Industry views | 16 February 2018
By Steven Cleary, Head of Sales, Transport Services
The term ‘Physical Internet’ was first used with reference to logistics in a 2006 issue of the Economist. In that instance, the ‘Physical Internet’ was a global logistics system founded on physical, digital and operational interconnectivity.
One of the many benefits of this Physical Internet would be complete end-to-end supply chain visibility.
Supply chains are evolving to become inter-connected networks of partners. The ability to instantly see all operational asset movements, as well as products, within this network is a huge benefit to both to logistics providers and those using their services.
The key to success of the Physical Internet is the quick and accurate exchange of information between all partners, sometimes even competitors. Without this, the accuracy of information across the entire network could be in doubt and it would also create gaps in visibility. There are many technologies offered as potential ways to support this need for a clear and accurate exchange of information. One of which is at the centre of many boardroom discussions already- Blockchain.
Heralded by some as “the next big thing”, Blockchain is a technology which has been on the periphery for a while but now finds itself centre stage.
Blockchain works as an incorruptible digital ledger. Each partner in the network not only has visibility of assets through this ledger, but also complete confidence in the accuracy of the information recorded. By design, information logged on the Blockchain is encrypted, cannot be tampered with and only accessed authorised participants.
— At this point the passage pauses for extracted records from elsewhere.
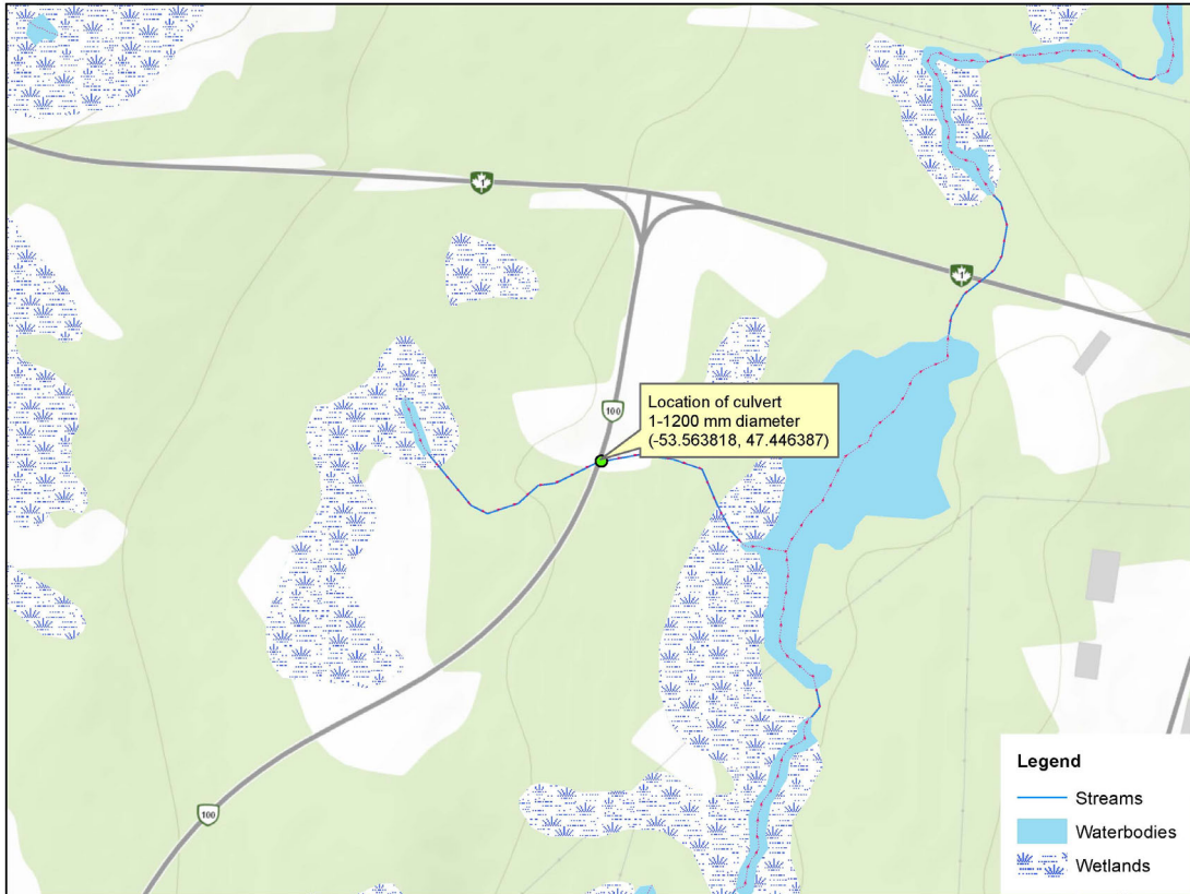
Replacement of a culvert at km 0.45 on route 100 near Whitbourne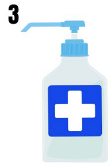
Alcohol-Based Hand Rub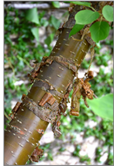
China Snow Pekin Lilac bark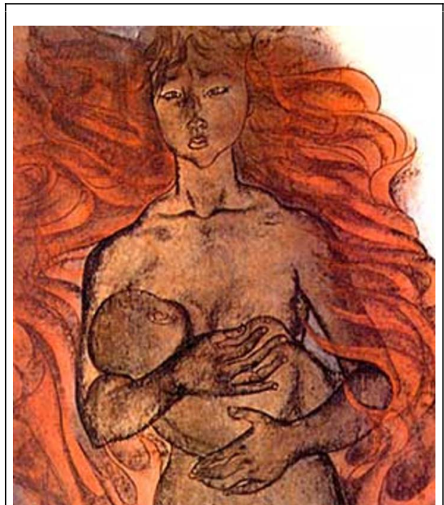
From "Fire", Second of The Hiroshima Panels by Maruki Iri and Toshi

In much of the literature and memoir, as in the film, anime, photography and painting, there is an immediacy of the human experience that transcends argument and debate and conveys powerful human emotions including deep sympathy for victims, many of them women and children. In some can also be found a sense, rarely explicitly stated, of the inhumanity of the assailant.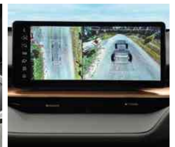
360 Around View Camera and Transparent Chassis Function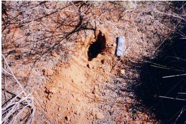
Plate 3.2: Bilby diggings observed along the pipeline corridor alignment.

A number of areas along the pipeline route were identified as suitable for Bilby occupation, between KP219 to KP221, KP228 to KP233, KP235 to KP239 and an area to the West of the major dune systems between KP310.16 and KP289.47. These areas were searched thoroughly for signs of burrow excavation, diggings and scats. Bilby activity was confirmed in the area to the West of the major dune systems between KP310.16 and KP289.47 where there were alternating sections of rocky substrate and mixed shrubland over Triodia sp. on soft sandy loam. In the sandy areas there were characteristic Bilby diggings (Plate 3.2) and a recently used burrow located at KP295.75 on the centre line of the pipeline corridor (Plates 3.3a and b). Bilby diggings are shallow cylindrical pits 5-20cm deep, and 5-15cm wide, where the soil is piled up in the direction of the mouths (Smyth and Philpott 1967).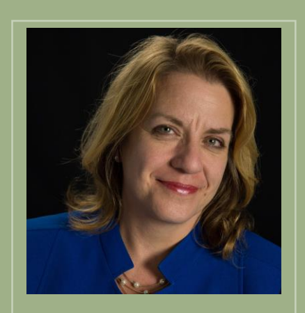
Featuring IFLA KM Section Member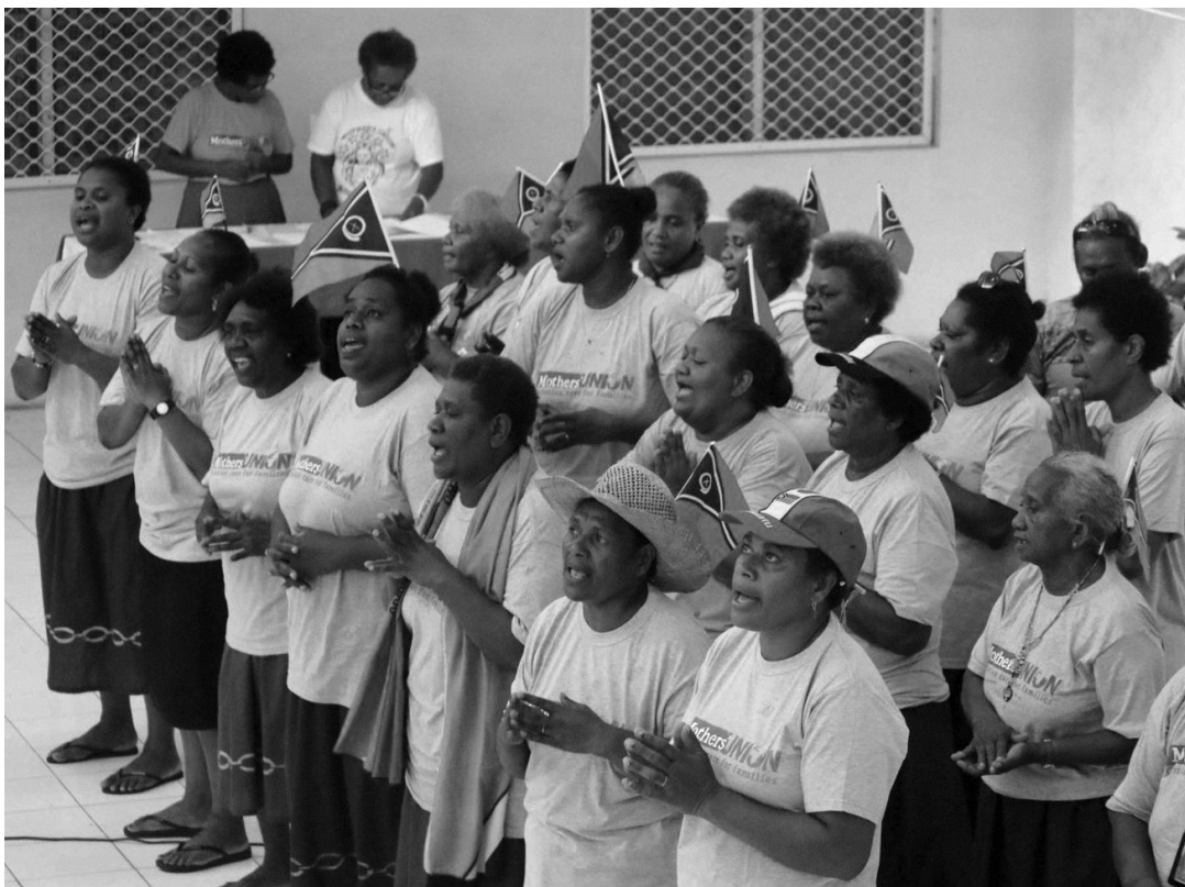
Mother's Union members from the Diocese of Vanuatu and New Caledonia.

"Again Jesus said, "Peace be with you! As the Father has sent me, I am sending you" John 20:21

It’s a secure and trusted way to record and share information between multiple partners.
One distinct example of how Blockchain technology could be utilised by the supply network is in the production and transportation of food. The Blockchain would provide a secure and unchangeable log for the movement of all ingredients every step of the way from farm to fork. It would be a powerful tool for detailing a complete history and giving consumers confidence in the provenance their purchase.
It is easy then to see why logisticians, businesses and consumers are excited about the potential of Blockchain to support an increase in network visibility, communication and data confidence.